Data shown —
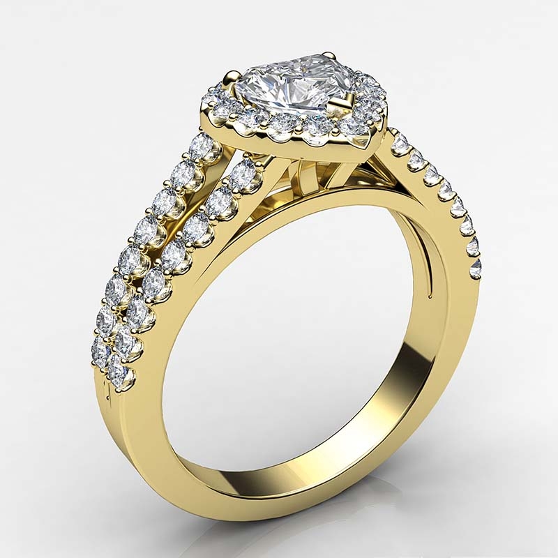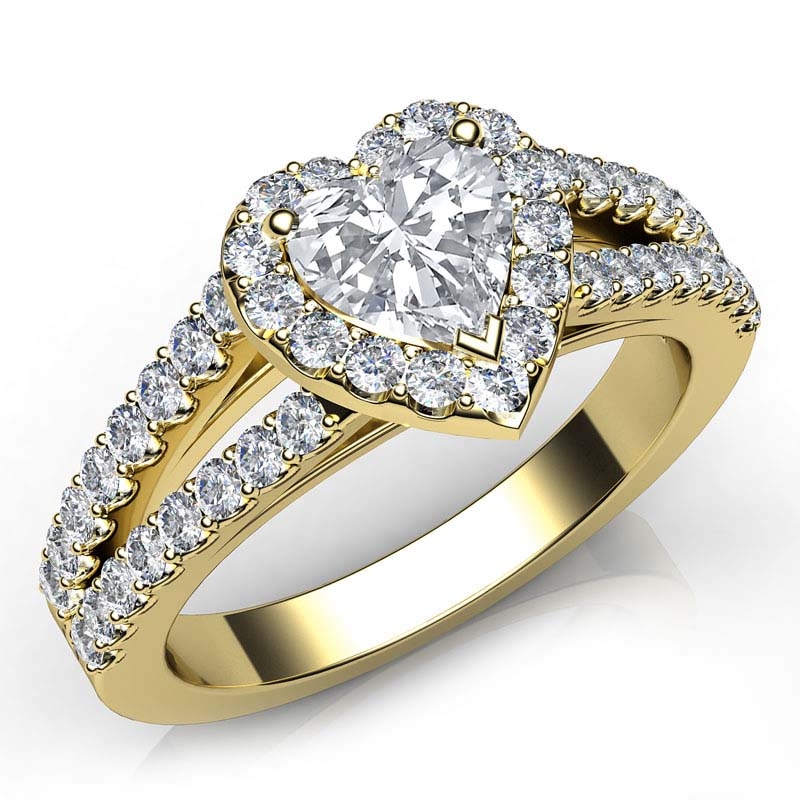 style Engagement Ring, center is Heart shape Diamond Report by IGI, E Color & VS1 clarity, Made in 14k Yellow Gold (1.85 ct. tw.)
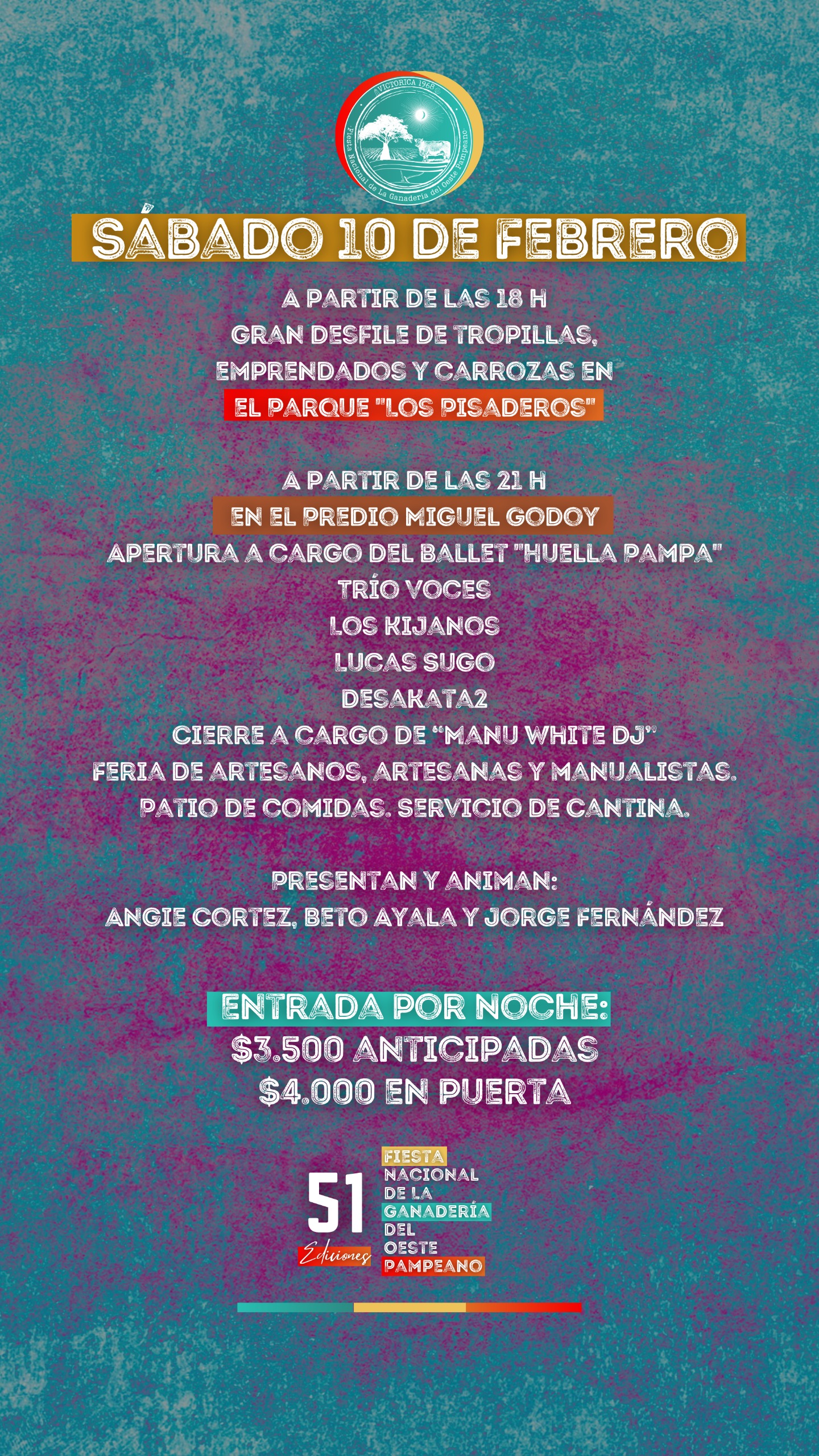 El sábado, comenzará a las 18 en el parque “Los Pisaderos”, donde se realizará un gran desfile de tropillas, emprendados y carrozas. Luego la fiesta seguirá a las 21 en el predio ferial donde actuarán el ballet Huella Pampa, y se presentarán el Trío Voces, Los Kijanos, Lucas Sugo y Desakata2. Y el cierre será con baile animado por Manu White DJ.
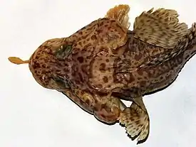 ![]() Pogonophryne marmorata, самка, 180 мм TL, вид сверху | ||||||||
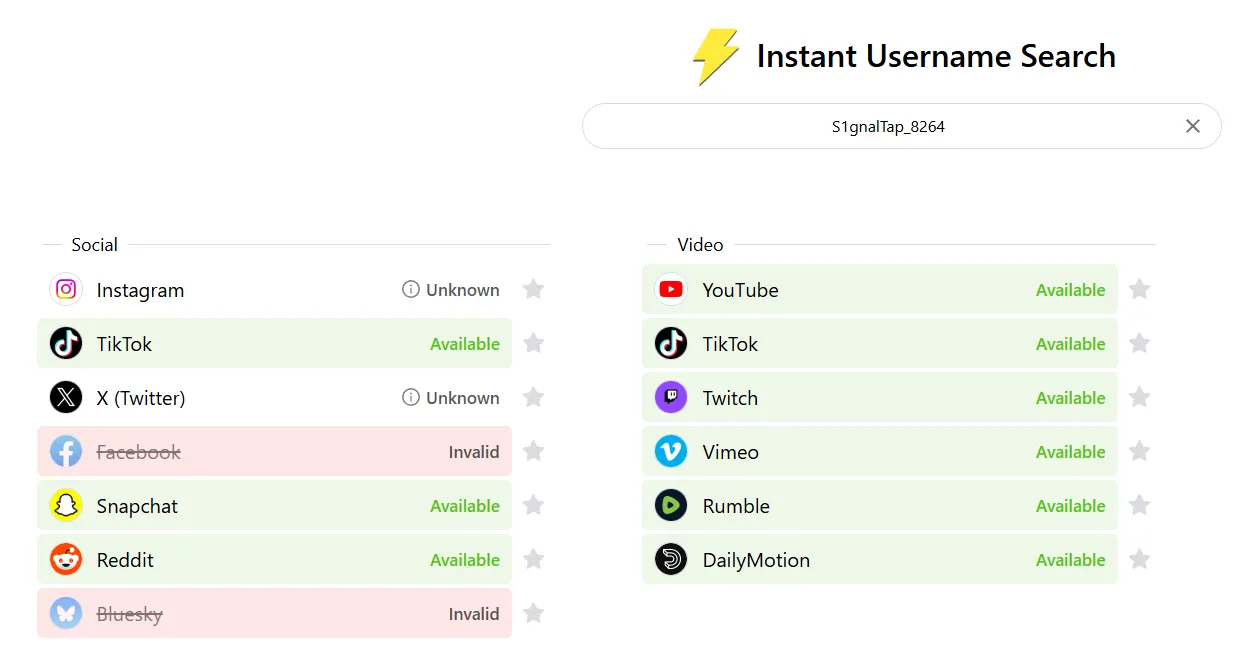 appear. This user is our person of interest during this challenge, and we need to figure out where their username is being used. To do this, a site called Whats My Name can be used to retrieve information about a specific username. This website will scrape and try to identify where the user is registered on different social media.
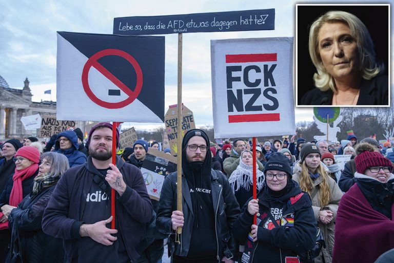Inimigos. Alemães protestam contra a xenofobia da AfD. Na França, Le Pen celebra a nova lei de migração – Imagem: Stefan Muller e Valentine Chapuis/AFP
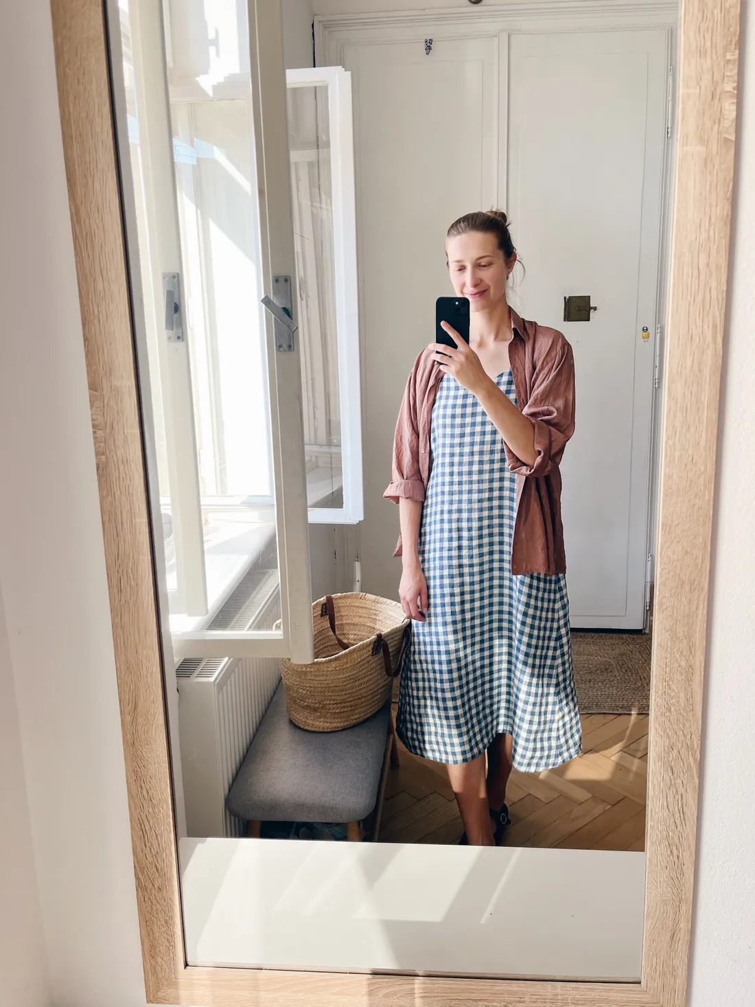 Kostičkované šaty Joli Joli a hedvábná košile. Často je nosím jako takovou lehkou horní vrstvu.
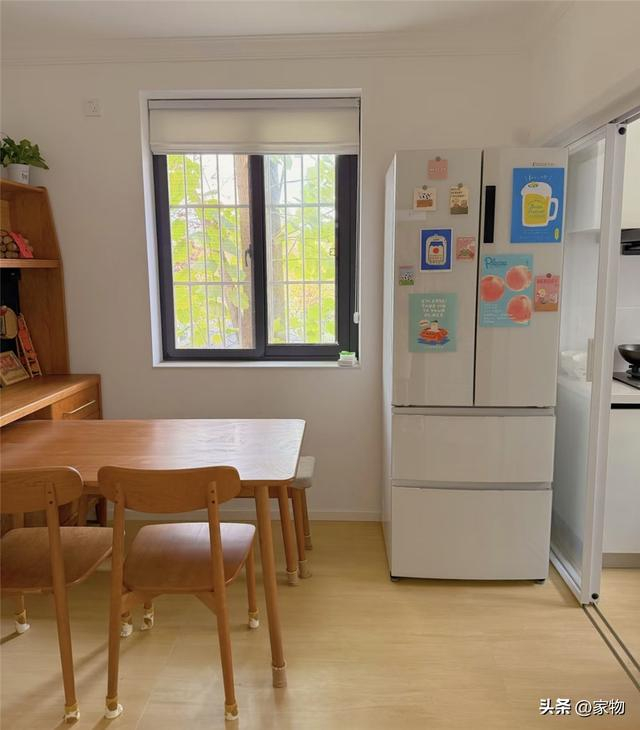 不得不说,家里虽然是个只有60㎡的小户型,但采光真的是非常不错,不仅厨房卫生间都带窗,算是全明户型,餐桌的位置甚至还有一扇外窗,再加上楼层较低,窗外的绿荫也为小家内增添了几分生机与活力。

Task details —
Your output is the lines from the top of the entries through the line containing "сверху | ||||||||", exactly as they stand. No pictures belong in it.

Task solution —
 style Engagement Ring, center is Heart shape Diamond Report by IGI, E Color & VS1 clarity, Made in 14k Yellow Gold (1.85 ct. tw.)
 El sábado, comenzará a las 18 en el parque “Los Pisaderos”, donde se realizará un gran desfile de tropillas, emprendados y carrozas. Luego la fiesta seguirá a las 21 en el predio ferial donde actuarán el ballet Huella Pampa, y se presentarán el Trío Voces, Los Kijanos, Lucas Sugo y Desakata2. Y el cierre será con baile animado por Manu White DJ.
 ![]() Pogonophryne marmorata, самка, 180 мм TL, вид сверху | ||||||||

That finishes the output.